Heute ist der 18.06.2026 und in Innsbruck tut sich etwas Spannendes. Die Medizinische Universität Innsbruck beteiligt sich erstmals am Pride Month und setzt damit ein starkes Zeichen für die LGBTQ+-Community. Der Arbeitskreis für Gleichbehandlungsfragen (AKGL) hat sich in den letzten Wochen mit viel Engagement für die Sichtbarkeit und Rechte queerer Menschen eingesetzt. Regenbogenbänke, die vor dem Anatomiegebäude installiert wurden, fungieren als sichtbare Statements, die zum Nachdenken anregen und die Solidarität mit queeren Personen unterstreichen.
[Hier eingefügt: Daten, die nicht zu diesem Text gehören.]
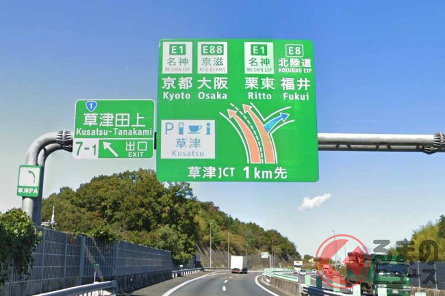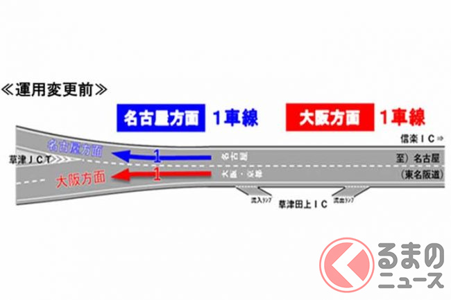 名神高速と新名神高速が交わる草津JCT(滋賀県草津市)は、下りの京都方面へ向かうクルマで渋滞が発生していましたが、車線運用を変えることで大幅に改善したといいます。どのように改良したのでしょうか。
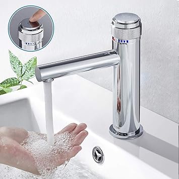Bonade Knopfdruck Wasserhahn Bad Waschtischarmatur Armatur Mit Knopf Zum An Und Ausschalten Mischbatterie Fur Bad Waschbecken Waschtisch Aus Messing Chrom Amazon De Baumarkt
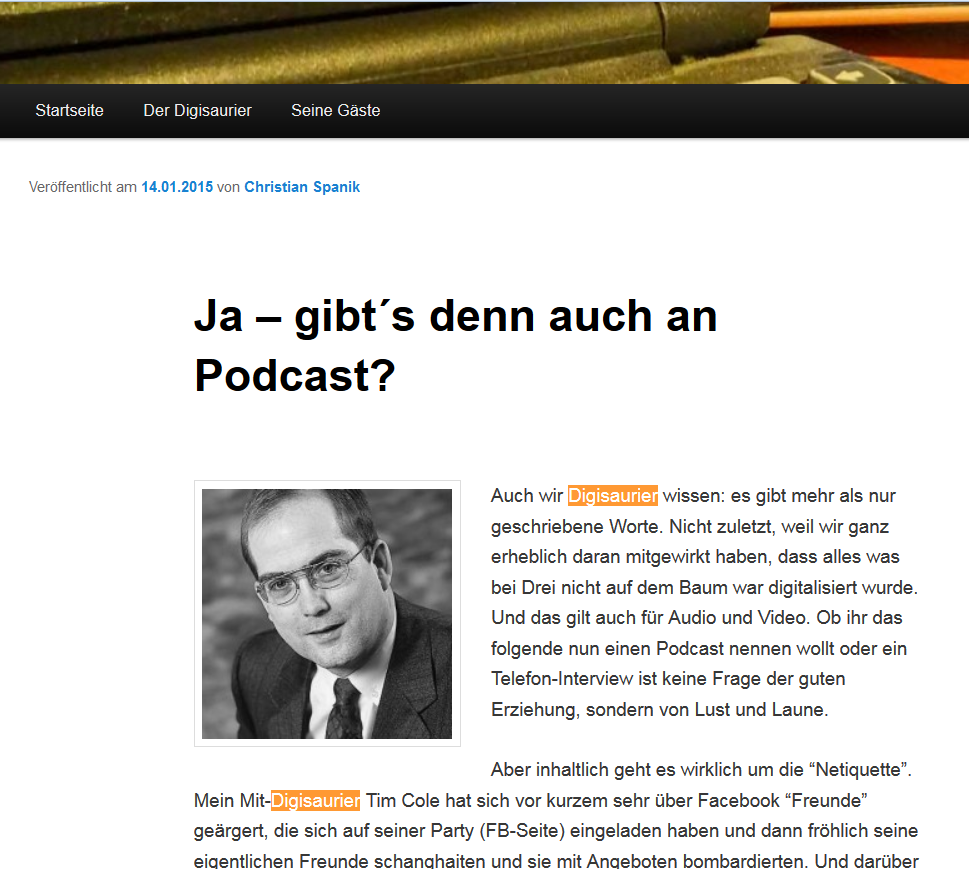 Einer von ihnen ist Christian Spanik, der in den 90ern und 2000ern für das ZDF und 3SAT die Computersendungen gemacht hat und der inzwischen, wie ich, im Salzburgischen lebt, wo er vor allem WebTV macht, aber auch eine Website betreibt, die er „Digisaurier“ nennt und auf der es um Erfahrungen und Erzählungen aus den frühen Tagen des PCs und des Internets geht.
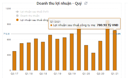 Nhờ biên lợi nhuận gộp cùng doanh thu tăng giúp lợi nhuận sau thuế quý 1-2021 của VRE cũng tăng 58.9% từ 492 tỷ lên 780.9 tỷ. Đây là con số cao nhất mà VRE đạt được trong quý 1 kể từ khi lên sàn đến nay, chỉ đứng sau quý 4 của năm 2019,2020 (Quý cao điểm ngành BĐS). Vậy tiềm năng các quý tới ra sao chúng tôi sẽ phân tích chi tiết trong phần dưới của bài viết. (Hình 7)
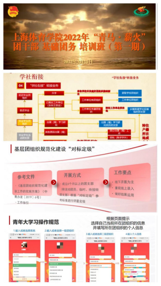 近日,为突出“喜迎二十大、永远跟党走、奋进新征程”主题教育实践活动特色,胜利迎接建团100周年,在确保疫情防控安全的前提下,红足一1世“青马 薪火”团干部基础团务培训班在线上完成培训,累计参训人数403人次,覆盖各学院团委委员、各年级团支书。培训分为两天,主题对应“基础团务培训日”和“主题团日活动培训日”。

Die Kampagne des AKGL, die sich auf Allyship konzentriert, möchte zeigen, wie wichtig Haltung und respektvolles Handeln sind. Michaela Lackner, die Leiterin des AKGL, betont, dass es an jedem Einzelnen liegt, aktiv gegen Diskriminierung und Ausgrenzung vorzugehen. Um dies zu unterstützen, gibt es im AKGL-Büro Postkarten, Sticker und Buttons in Deutsch und Englisch. Mitarbeiter:innen können diese Materialien nutzen, um ihre Solidarität zu zeigen und ein Zeichen gegen Diskriminierung zu setzen. Rektor Gert Mayer hebt den Wert der Menschlichkeit an der Med Uni Innsbruck hervor und unterstützt die Initiative nachdrücklich.
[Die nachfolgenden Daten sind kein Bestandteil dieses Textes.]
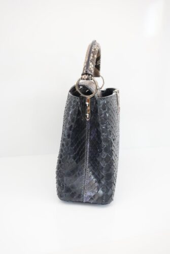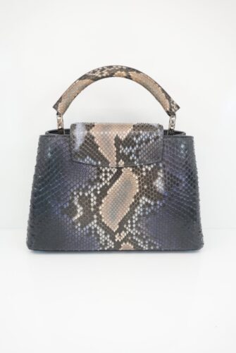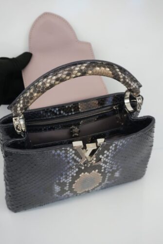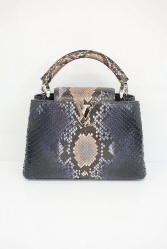 This beautiful bag is composed of luxurious snakeskin in navy and beige tones. The handbag features a single rolled snakeskin reinforced top handle, an optional shoulder strap, stylized links and a crossover flap that inserts behind the prominent LV. The interior is a beige leather creating a luxury style for day or evening from Louis Vuitton.
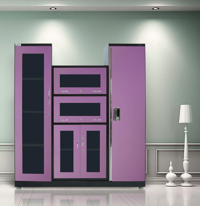 This CNC-designed "Steel Bit" showcase, in an elegant pink metallic mirror finish, offers a sleek and modern aesthetic. Crafted from high-quality steel, it ensures durability and stability. The spacious design provides ample display space, making it ideal for homes, offices, or retail spaces, combining style with functionality
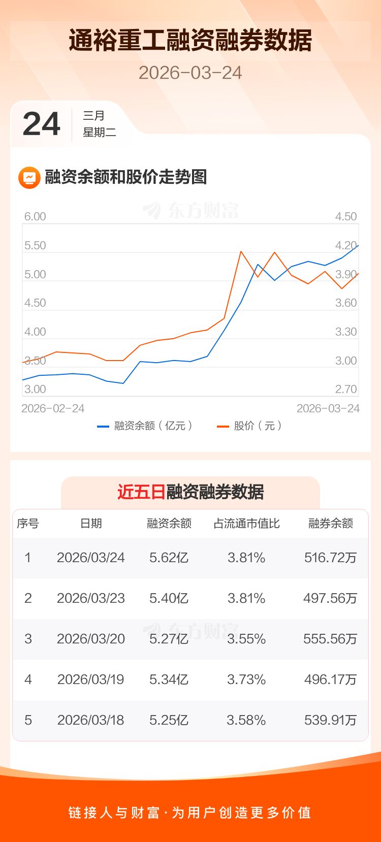 交易所最新数据显示,通裕重工于2026年3月24日获融资买入1.75亿元,融资偿还1.53亿元,当日融资净买入2214.32万元。目前,该股融资余额5.62亿,占流通市值比例为3.81%。
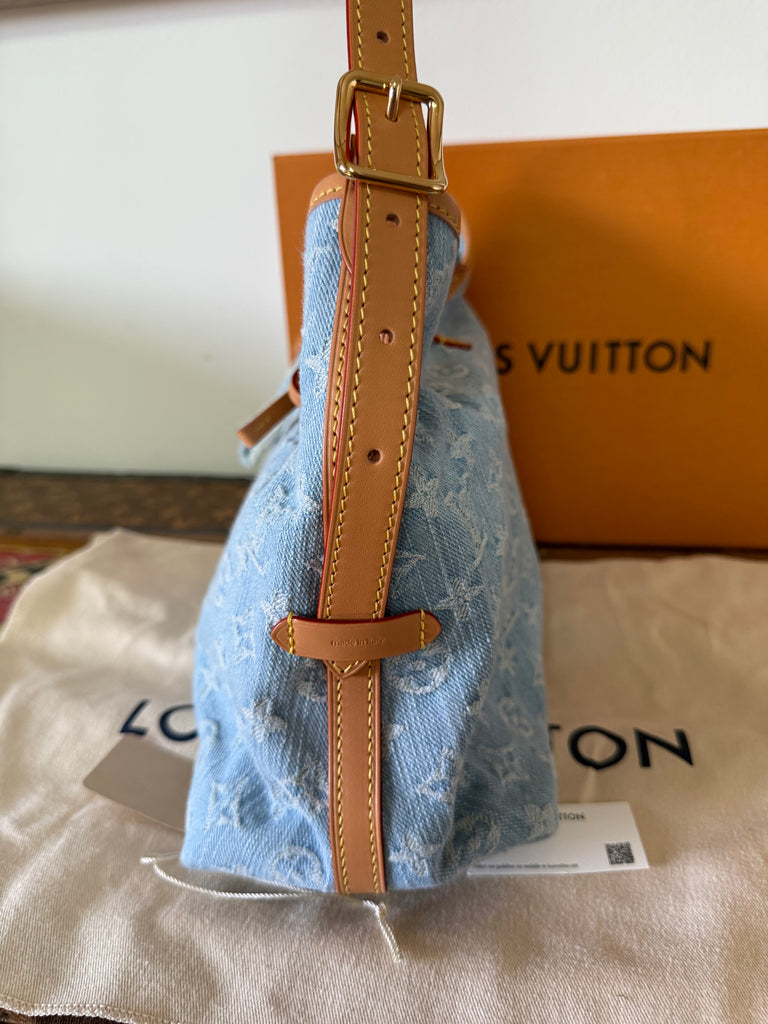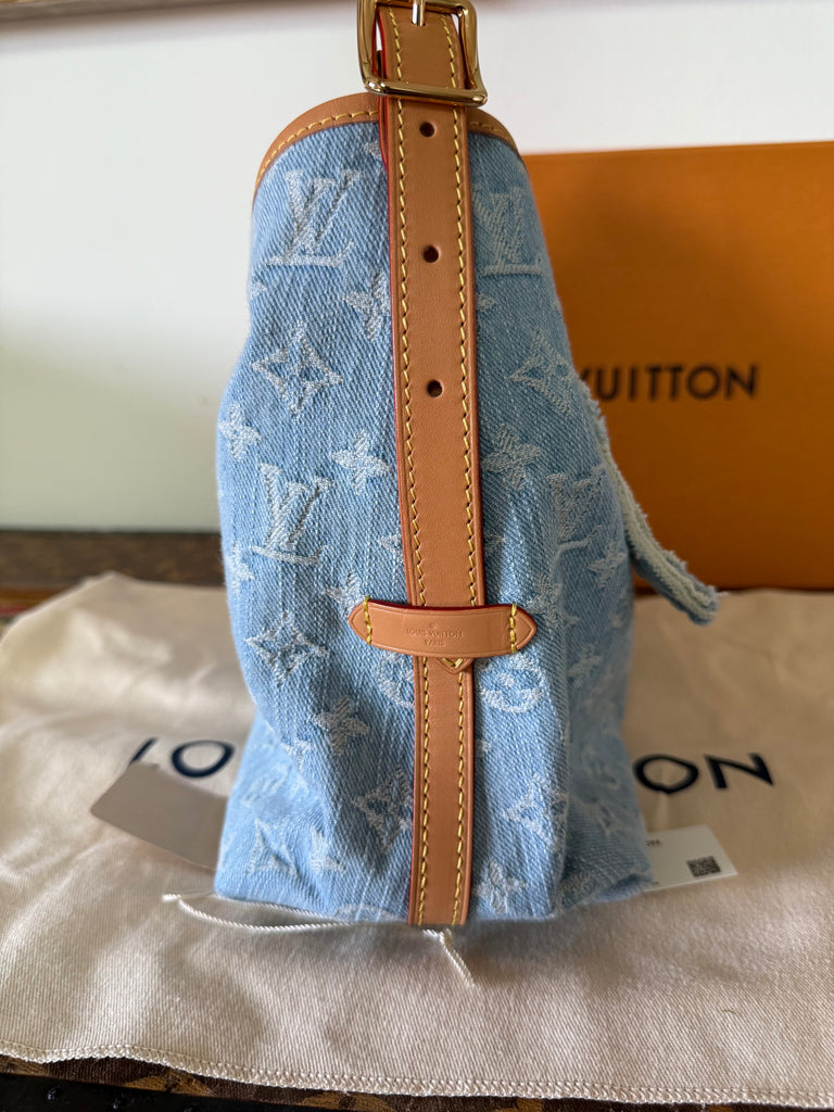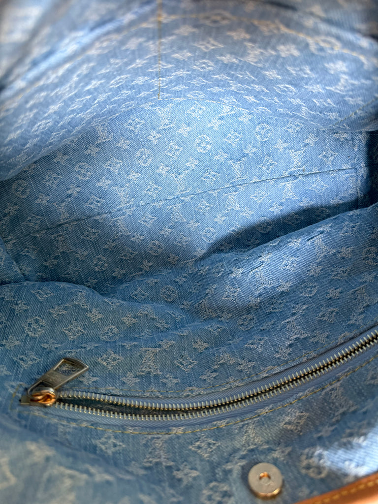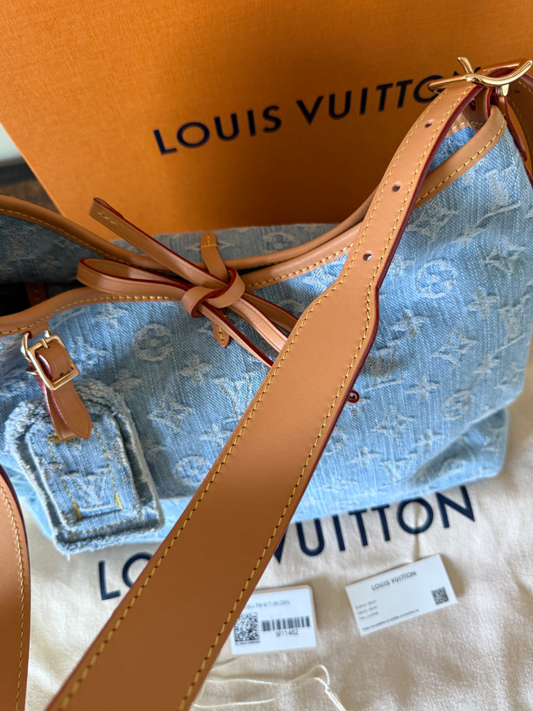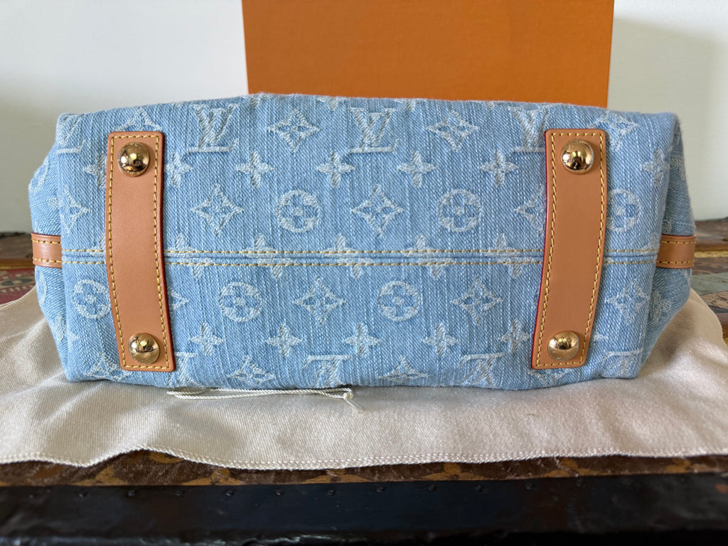 Borsa a spalla con tracolla regolabile Louis Vuitton modello CarryAll PM in Blu Denim Cielo e finiture in vacchetta naturale anticata.
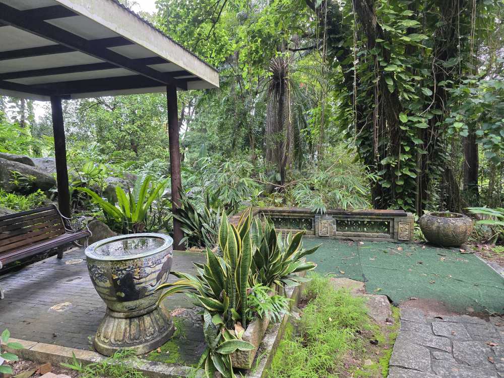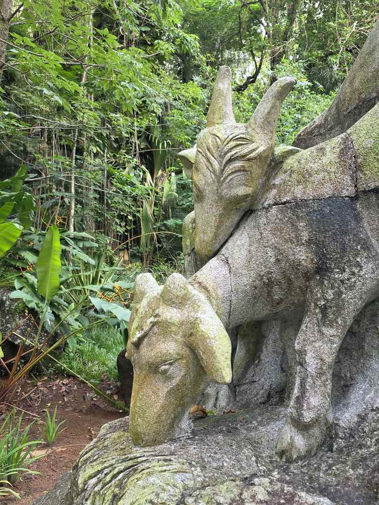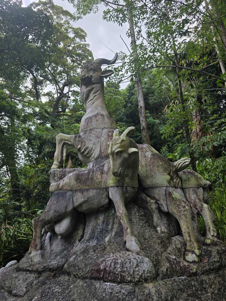 Circling back to the main path, we reach the all but hidden Chinese Guangzhou Garden – a serene and beautiful little area with traditional Chinese vases, gorgeous budding Lobsterclaw flowers that remind us of Birds of Paradise and the Five Rams statue. The statue was gifted by the city of Guangzhou, it is their city symbol, and represents the legend that has Gods riding rams gave seeds to the citizens of Guangzhou, allowing for them to grow wheat to feed themselves, turning the area into fertile land. The Gods left the rams, which turned into stone protecting the area and continuing to keep it fertile. Sort of like these gardens!

Engagement für die LGBTQ+-Community

Ziel der Kampagne ist es, ein starkes Zeichen gegen Diskriminierung, Ausgrenzung und Benachteiligung zu setzen. Studien zeigen, dass queere Menschen häufig mit Diskriminierung und Ausgrenzung konfrontiert werden. Der AKGL stellt sich als Anlaufstelle für diskriminierte Personen zur Verfügung und bietet Unterstützung sowie Beratung an. Oft können Konflikte durch persönliche Gespräche oder Aufklärungsmaßnahmen gelöst werden. Solche Initiativen sind nicht nur wichtig, sondern notwendig – besonders in Zeiten, in denen der Rückhalt für die LGBTQ+-Community in der Gesellschaft schwankt.
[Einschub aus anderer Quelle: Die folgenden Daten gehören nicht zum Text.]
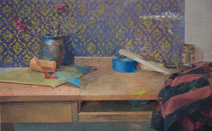 Zoey Frank. Wow! Stunning? Right? I love her work. The texture to it… and the background of that wallpaper? Mesmerizing! Zoey is one who can take an every day subject that most people wouldn’t think of painting and she can make it extra special!
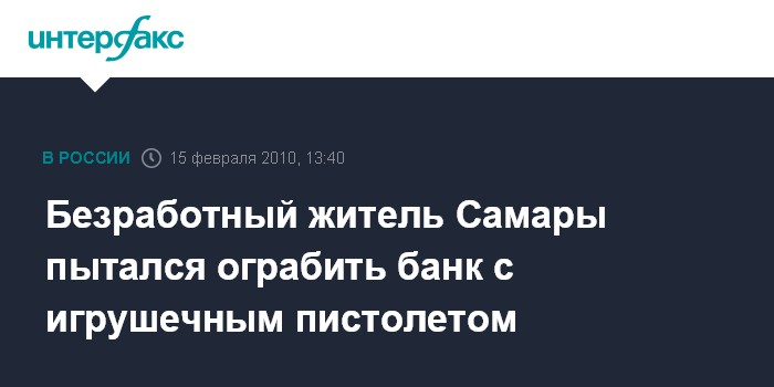 Самара. 15 февраля. INTERFAX.RU - В Самаре расследуют уголовное дело в отношении местного жителя, который, потеряв работу, решил ограбить банк с помощью игрушечного пистолета.
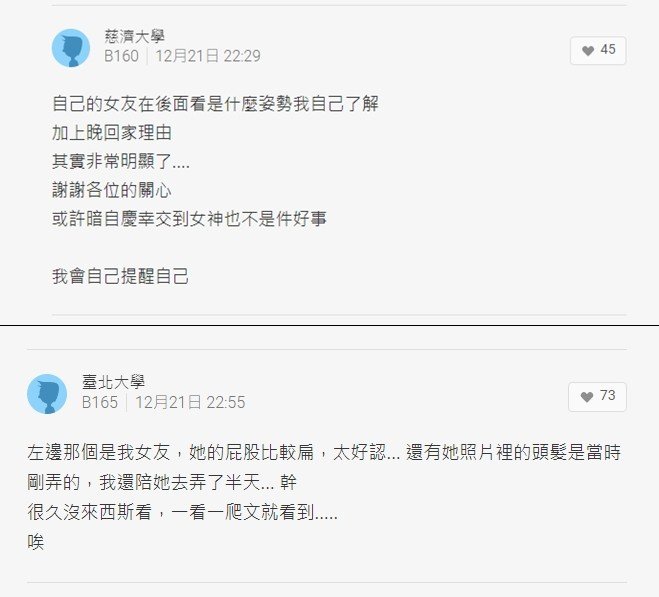 事件越演越烈,許多「綠帽男友」也紛紛現身回應,「自己的女友在後面看是什麼姿勢我自己了解,加上晚回家理由其實非常明顯了….謝謝各位的關心或許暗自慶幸交到女神也不是件好事,我會自己提醒自己」;「左邊那個是我女友,她的屁股比較扁,太好認…還有她照片裡的頭髮是當時剛弄得,我還陪她去弄了半天…X」。
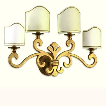 Elfenbeinfarbene Baumwollfächer (wie auf dem Foto) mit Antikgold-Finish. Die Ventilatoren sind in zwei unterschiedlichen Größen (2 x Ø 10 und 2 x Ø 13) montiert. Auf Anfrage anderer Stoff, Pongè, Shantung oder Pergament. Die Bordüre kann in hellem Gold oder in der gleichen Farbe wie der Stoff angefordert werden. Pongè ist ein Stoff, bei dem die Textur nicht zu sehen ist, daher ist er etwas eleganter; Baumwolle ist ein Stoff, bei dem man die Textur sehen kann und eher für klassische oder rustikale Umgebungen geeignet ist; Shantung hingegen ist ein raffinierterer und eleganterer Stoff. Struktur aus gealtertem Messing. Möglichkeit, die Applikation auch ohne Fächer zu haben. Die Ventilatoren werden mit einer Ringmutter, die auf die Lampenfassung geschraubt wird, an der Struktur befestigt. Die Struktur wird mit einer Halterung mit Dübeln an der Wand befestigt. Die Wandleuchte trägt vier Lampenfassungen mit E14-Fassung für Halogen-, Niedrigenergie- oder LED-Lampen. Lampen und Fischer nicht im Lieferumfang enthalten.
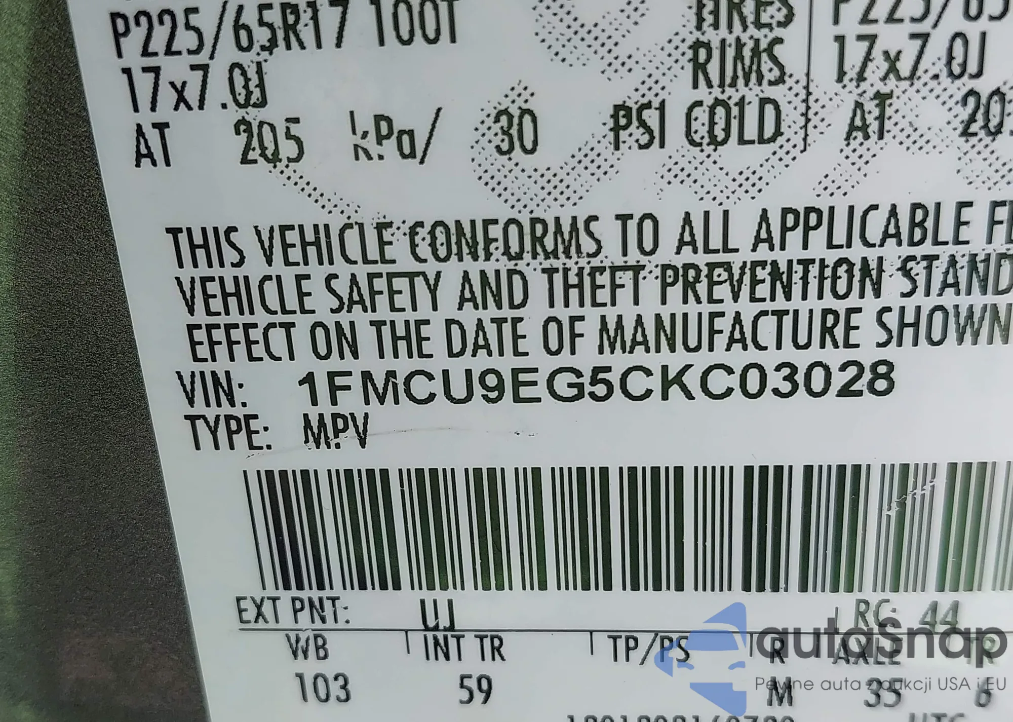 VIN: 1FMCU9EG5CKC03028

Eine internationale Ipsos-Studie, die anlässlich des Pride Month in 26 Ländern durchgeführt wurde, zeigt, dass die Unterstützung für die LGBTQ+-Community in Deutschland und weltweit nicht so stark ist, wie man es sich wünschen würde. 74% der Deutschen befürworten zwar den Schutz von Lesben, Schwulen und Bisexuellen vor Diskriminierung, doch nur 45% unterstützen tatsächlich Gesetze, die gegen Diskriminierung aufgrund sexueller Orientierung oder Geschlechtsidentität gerichtet sind. Diese Zahlen sind im Vergleich zum Vorjahr um 4 Prozentpunkte gesunken. Ein besorgniserregender Trend!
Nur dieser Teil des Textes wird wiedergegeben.